(Data excerpts)
# # # #

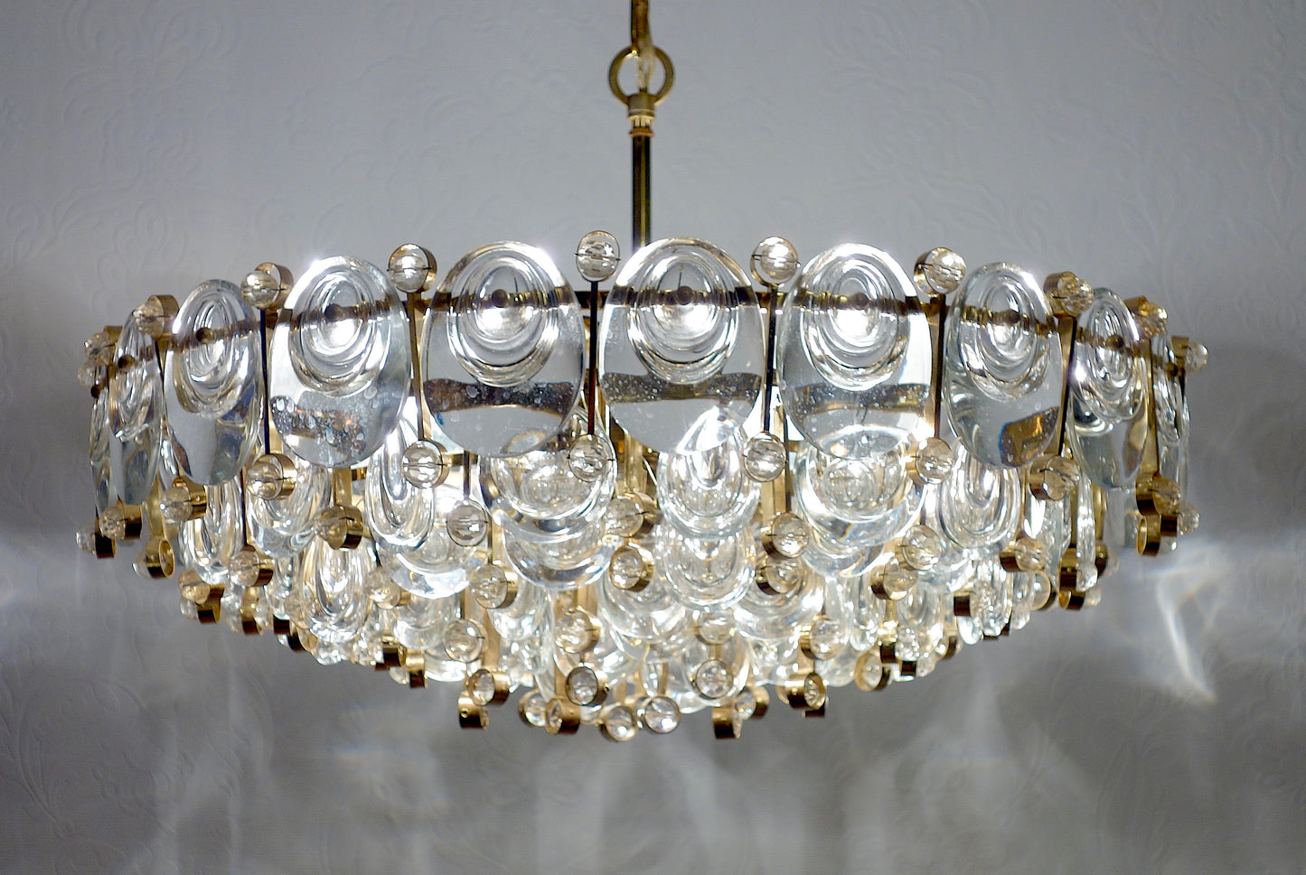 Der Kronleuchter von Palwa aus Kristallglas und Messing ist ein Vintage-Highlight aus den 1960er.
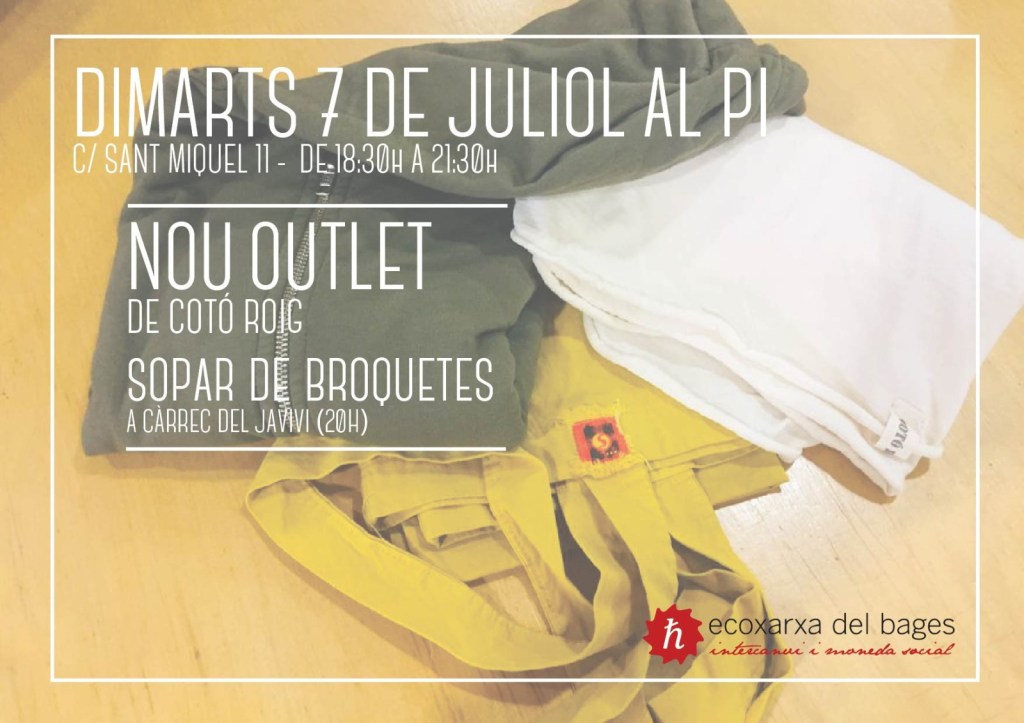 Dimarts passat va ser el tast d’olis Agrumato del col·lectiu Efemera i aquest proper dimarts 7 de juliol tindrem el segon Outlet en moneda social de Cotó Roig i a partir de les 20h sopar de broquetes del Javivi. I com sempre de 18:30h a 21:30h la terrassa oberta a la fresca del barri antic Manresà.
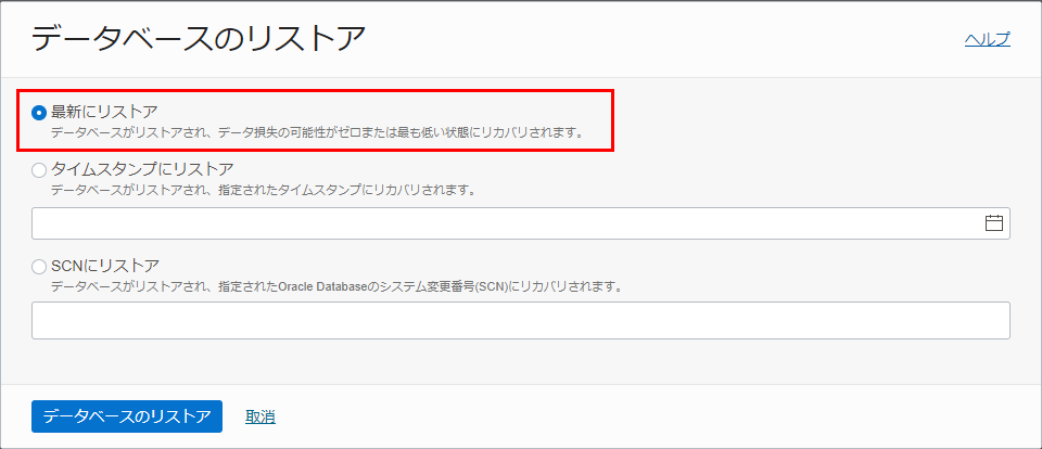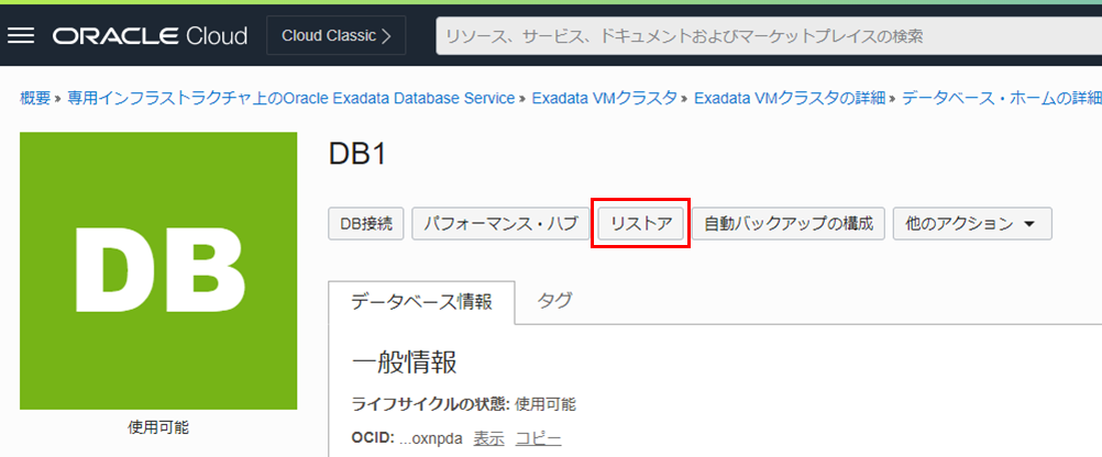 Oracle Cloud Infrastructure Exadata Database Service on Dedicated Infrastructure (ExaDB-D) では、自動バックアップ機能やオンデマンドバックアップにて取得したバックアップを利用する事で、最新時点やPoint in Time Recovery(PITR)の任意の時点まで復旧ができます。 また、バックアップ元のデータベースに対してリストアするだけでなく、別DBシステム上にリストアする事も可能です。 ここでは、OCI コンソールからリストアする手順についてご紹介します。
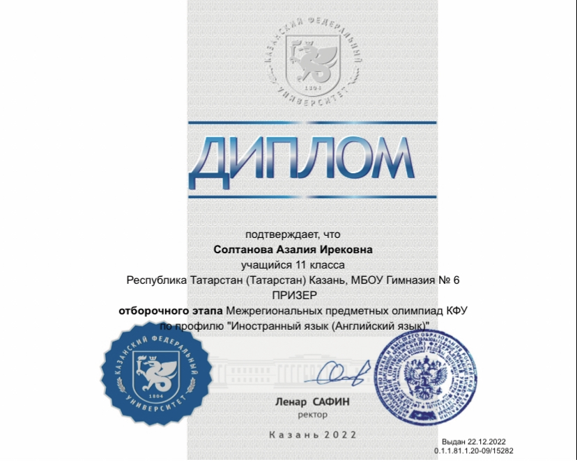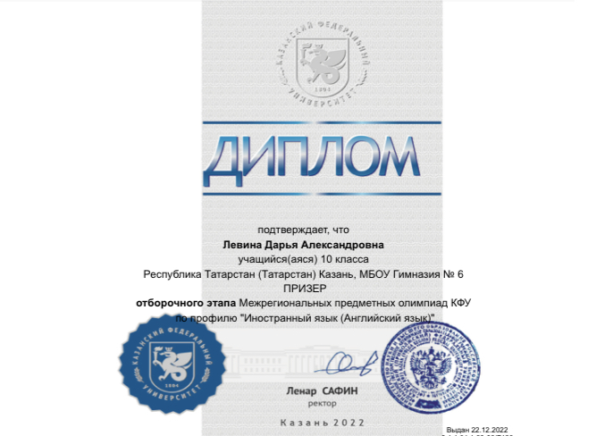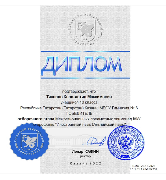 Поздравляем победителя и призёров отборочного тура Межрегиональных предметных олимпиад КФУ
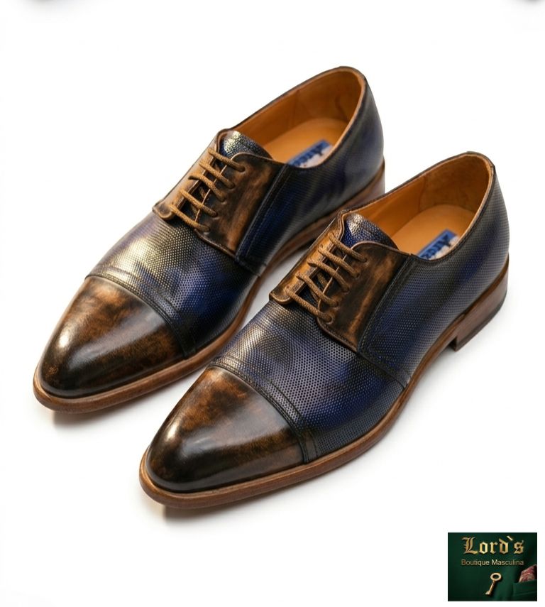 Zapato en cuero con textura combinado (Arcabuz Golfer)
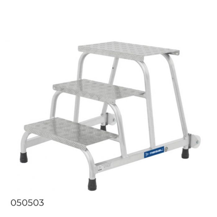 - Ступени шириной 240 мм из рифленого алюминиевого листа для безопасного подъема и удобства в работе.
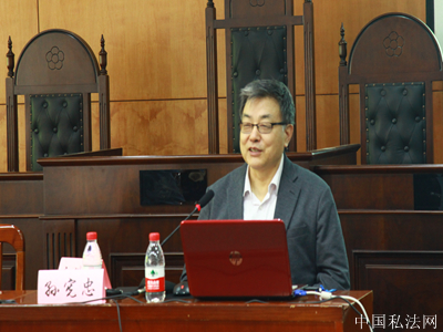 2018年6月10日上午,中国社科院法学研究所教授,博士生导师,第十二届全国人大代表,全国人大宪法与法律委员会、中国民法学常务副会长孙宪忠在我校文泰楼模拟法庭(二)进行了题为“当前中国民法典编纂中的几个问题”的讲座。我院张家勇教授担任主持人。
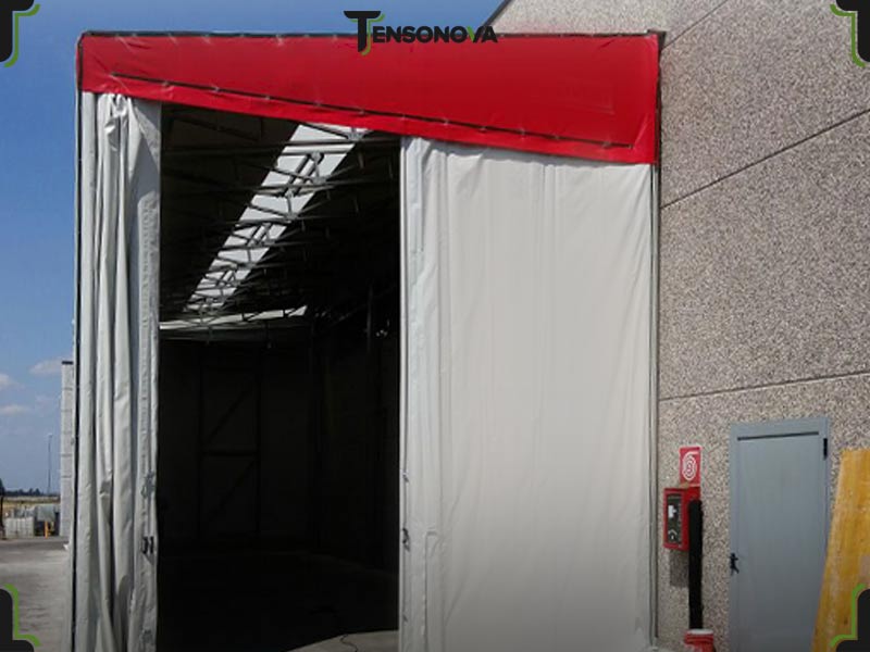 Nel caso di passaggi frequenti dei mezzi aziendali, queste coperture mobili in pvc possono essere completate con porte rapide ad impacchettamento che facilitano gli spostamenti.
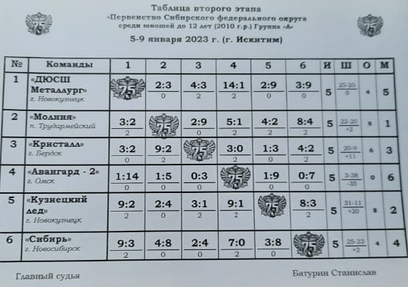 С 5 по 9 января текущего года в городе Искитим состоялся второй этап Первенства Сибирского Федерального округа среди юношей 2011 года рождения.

# # # #

Required work: Set down the records above word for word, from the first line through the line containing "- Ступени шириной", both included; leave out the pictures.

Task output:
 Der Kronleuchter von Palwa aus Kristallglas und Messing ist ein Vintage-Highlight aus den 1960er.
 Dimarts passat va ser el tast d’olis Agrumato del col·lectiu Efemera i aquest proper dimarts 7 de juliol tindrem el segon Outlet en moneda social de Cotó Roig i a partir de les 20h sopar de broquetes del Javivi. I com sempre de 18:30h a 21:30h la terrassa oberta a la fresca del barri antic Manresà.
 Oracle Cloud Infrastructure Exadata Database Service on Dedicated Infrastructure (ExaDB-D) では、自動バックアップ機能やオンデマンドバックアップにて取得したバックアップを利用する事で、最新時点やPoint in Time Recovery(PITR)の任意の時点まで復旧ができます。 また、バックアップ元のデータベースに対してリストアするだけでなく、別DBシステム上にリストアする事も可能です。 ここでは、OCI コンソールからリストアする手順についてご紹介します。
 Поздравляем победителя и призёров отборочного тура Межрегиональных предметных олимпиад КФУ
 Zapato en cuero con textura combinado (Arcabuz Golfer)
 - Ступени шириной 240 мм из рифленого алюминиевого листа для безопасного подъема и удобства в работе.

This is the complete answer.